The traditional NMS algorithm sorts according to the matching degree score of each candidate frame, continuously finds the candidate frame with the highest matching degree score, traverses other candidate frames, deletes the candidate frame with the coincidence rate exceeding the filtering threshold, and has low execution efficiency. According to the method, the candidate frames in the image are subjected to de-duplication through maximum pooling, the position information of the arrangement of the pixel points is reserved, the pixel points do not need to be sequenced, all repeated candidate frames can be removed only by traversing the pixel points once, the image to be processed after the repeated candidate frames are removed is obtained, the execution efficiency is greatly improved, and the candidate frame de-duplication can be quickly performed on the image.
The image processing method in the first embodiment obtains the maximum pooling step length and the pooling window size according to a given filtering threshold; obtaining the matching degree score of each pixel point of the image to be processed and a target; and according to the matching degree score of each pixel point of the image to be processed, performing maximum pooling on the image to be processed according to the pooling step length and the pooling window size to obtain the image to be processed without the repeated candidate frame. The image processing method according to the first embodiment performs deduplication on candidate frames in an image through maximum pooling, retains position information of pixel point arrangement, does not need to sequence pixel points, can remove all repeated candidate frames only by traversing the pixel points once, obtains a final result, greatly improves execution efficiency, and achieves rapid deduplication of the candidate frames of the image according to matching degree scores of the pixel points.
Example two
Fig. 4 is a structural diagram of an image processing apparatus according to a second embodiment of the present invention.

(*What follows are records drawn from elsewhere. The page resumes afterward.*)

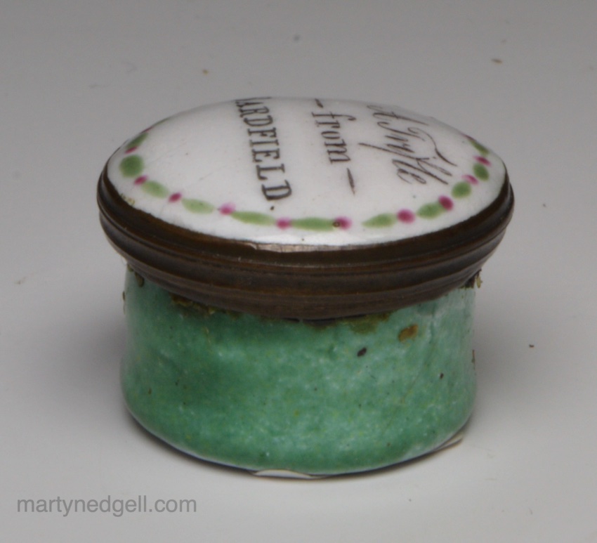 Bilston enamel pill box ‘A Trifle from BARDFIELD’, circa 1770
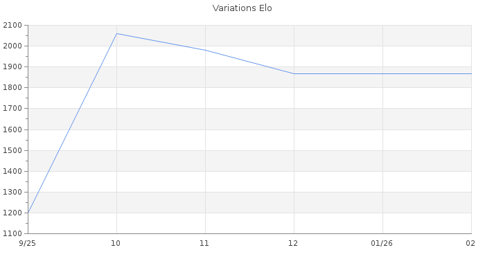 Date d'inscription : 18/09/25. Donateur pour EchecsEmail : Non ( Cliquez ici pour soutenir EchecsEmail. ) Elo non arrondi:1865.3 ( 199 sur 463 joueurs ) Nombre de victoires :4 Nombre de nulles :0 Nombre de défaites :2 Temps de réponse moyen par coup : 0J 21H 23M 39S ( Moyenne sur 38 coups ). Rd ( Un petit rd indique un elo fiable ) : 158 Elo maximum atteint ( en étant classé ) :0 Elo maximum atteint cette année :0 Nombre coups joués : 150 Classement coupe : Inactif Points coupe : 0 Classement Coupe Magic Chess : Inactif Points Coupe Magic Chess : 0 Tournoi échelle : Nombre de tournois gagnés :0
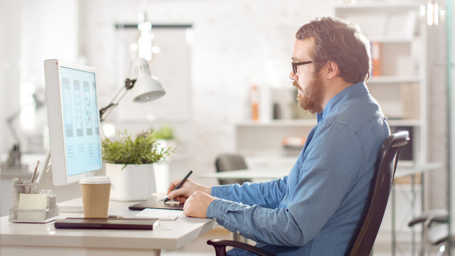 Young Bearded Man Working on His Personal Computer and Taking Notes while Sitting in Bright Modern Creative Agency Office.
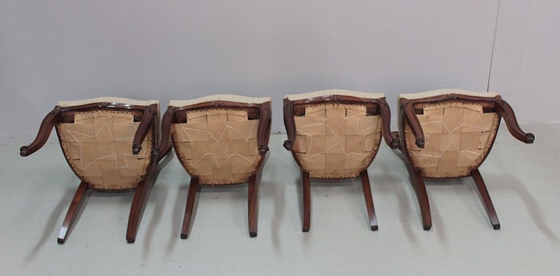 Elles reposent sur 2 pieds avant galbés et sculptés et 2 pieds arrières ‘sabre’.

The image processing apparatus 10 is applied to a computer apparatus. The image processing apparatus 10 performs frame candidate deduplication on images to be processed by maximum pooling. The image processing apparatus 10 may be applied to target detection, for example, in face detection of various video monitoring scenes (such as intelligent transportation, access control system, city security, etc.), and is used to perform candidate frame deduplication on a monitored image.
As shown in fig. 4, the image processing apparatus 10 may include: a first acquisition unit 401, a second acquisition unit 402, a pooling unit 403.

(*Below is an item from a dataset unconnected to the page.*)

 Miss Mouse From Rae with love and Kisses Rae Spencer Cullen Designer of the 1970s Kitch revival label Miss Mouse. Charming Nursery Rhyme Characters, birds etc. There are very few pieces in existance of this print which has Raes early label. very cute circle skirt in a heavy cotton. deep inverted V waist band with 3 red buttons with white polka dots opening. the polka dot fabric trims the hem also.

A first obtaining unit 401, configured to obtain a pooling step size and a pooling window size of a maximum pooling according to a given filtering threshold.

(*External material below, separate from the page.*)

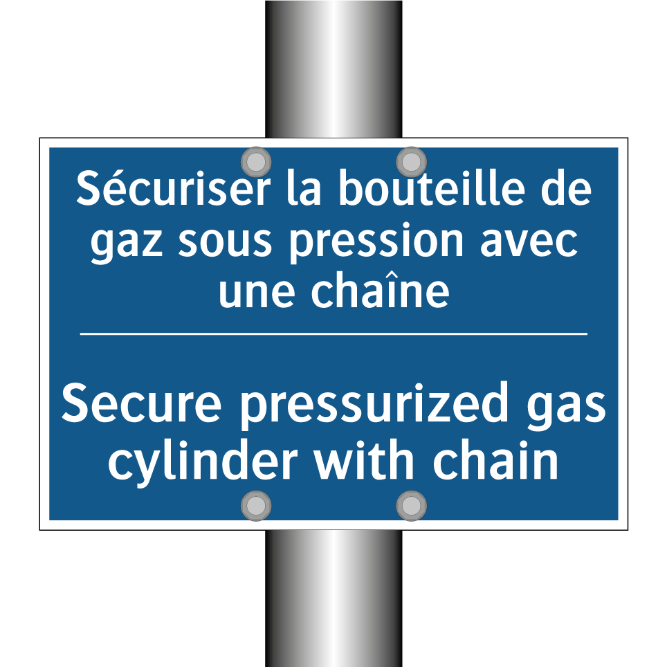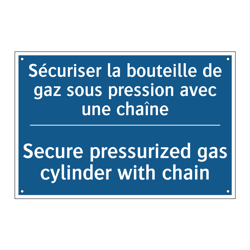 Panneau d'obligation bilingue avec texte en français : "Sécuriser la bouteille de gaz sous pression avec une chaîne", et en anglais : "Secure pressurized gas cylinder with chain"

The filtering threshold is a threshold of a coincidence rate set for a candidate frame when a non-maximum suppression (NMS) algorithm is used to perform deduplication on the candidate frame in an image. If the coincidence rate of the two candidate frames is greater than the filtering threshold, the two candidate frames are considered as repeated candidate frames, and the candidate frames with lower scores (namely the candidate frames with lower probability of belonging to the target) are filtered. The filtering threshold may be set by a user, for example, based on empirical values, or may be a default for the system.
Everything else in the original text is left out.